EXERCISE
Retype all of the lines below with no changes.

INFORMATION SHOWN
☆ ☆ ☆ ☆
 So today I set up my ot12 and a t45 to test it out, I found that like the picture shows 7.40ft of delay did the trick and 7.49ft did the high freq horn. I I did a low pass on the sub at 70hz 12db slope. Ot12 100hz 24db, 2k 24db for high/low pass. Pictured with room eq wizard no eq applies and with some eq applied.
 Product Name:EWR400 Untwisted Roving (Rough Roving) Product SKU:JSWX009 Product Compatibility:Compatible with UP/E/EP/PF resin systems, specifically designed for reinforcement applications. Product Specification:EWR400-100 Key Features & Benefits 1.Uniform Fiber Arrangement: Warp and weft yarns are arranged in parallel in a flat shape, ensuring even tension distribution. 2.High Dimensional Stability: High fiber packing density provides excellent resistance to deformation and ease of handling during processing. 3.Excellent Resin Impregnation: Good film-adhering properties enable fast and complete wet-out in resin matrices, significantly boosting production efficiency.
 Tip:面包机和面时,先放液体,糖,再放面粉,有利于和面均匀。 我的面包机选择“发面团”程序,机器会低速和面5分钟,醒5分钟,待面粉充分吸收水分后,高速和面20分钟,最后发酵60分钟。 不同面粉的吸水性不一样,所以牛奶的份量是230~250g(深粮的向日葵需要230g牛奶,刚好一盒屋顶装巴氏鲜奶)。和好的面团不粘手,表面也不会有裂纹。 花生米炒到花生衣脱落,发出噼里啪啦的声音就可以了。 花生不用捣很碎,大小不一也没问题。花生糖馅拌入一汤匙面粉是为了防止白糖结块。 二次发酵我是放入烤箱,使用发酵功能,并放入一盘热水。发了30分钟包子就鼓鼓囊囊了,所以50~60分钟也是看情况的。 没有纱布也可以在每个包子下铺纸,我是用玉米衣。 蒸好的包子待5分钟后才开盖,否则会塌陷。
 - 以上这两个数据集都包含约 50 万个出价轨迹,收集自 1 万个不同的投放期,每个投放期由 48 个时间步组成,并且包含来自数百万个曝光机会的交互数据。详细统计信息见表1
☆ ☆ ☆ ☆
RESULT BELOW
 So today I set up my ot12 and a t45 to test it out, I found that like the picture shows 7.40ft of delay did the trick and 7.49ft did the high freq horn. I I did a low pass on the sub at 70hz 12db slope. Ot12 100hz 24db, 2k 24db for high/low pass. Pictured with room eq wizard no eq applies and with some eq applied.
 Product Name:EWR400 Untwisted Roving (Rough Roving) Product SKU:JSWX009 Product Compatibility:Compatible with UP/E/EP/PF resin systems, specifically designed for reinforcement applications. Product Specification:EWR400-100 Key Features & Benefits 1.Uniform Fiber Arrangement: Warp and weft yarns are arranged in parallel in a flat shape, ensuring even tension distribution. 2.High Dimensional Stability: High fiber packing density provides excellent resistance to deformation and ease of handling during processing. 3.Excellent Resin Impregnation: Good film-adhering properties enable fast and complete wet-out in resin matrices, significantly boosting production efficiency.
 Tip:面包机和面时,先放液体,糖,再放面粉,有利于和面均匀。 我的面包机选择“发面团”程序,机器会低速和面5分钟,醒5分钟,待面粉充分吸收水分后,高速和面20分钟,最后发酵60分钟。 不同面粉的吸水性不一样,所以牛奶的份量是230~250g(深粮的向日葵需要230g牛奶,刚好一盒屋顶装巴氏鲜奶)。和好的面团不粘手,表面也不会有裂纹。 花生米炒到花生衣脱落,发出噼里啪啦的声音就可以了。 花生不用捣很碎,大小不一也没问题。花生糖馅拌入一汤匙面粉是为了防止白糖结块。 二次发酵我是放入烤箱,使用发酵功能,并放入一盘热水。发了30分钟包子就鼓鼓囊囊了,所以50~60分钟也是看情况的。 没有纱布也可以在每个包子下铺纸,我是用玉米衣。 蒸好的包子待5分钟后才开盖,否则会塌陷。
 - 以上这两个数据集都包含约 50 万个出价轨迹,收集自 1 万个不同的投放期,每个投放期由 48 个时间步组成,并且包含来自数百万个曝光机会的交互数据。详细统计信息见表1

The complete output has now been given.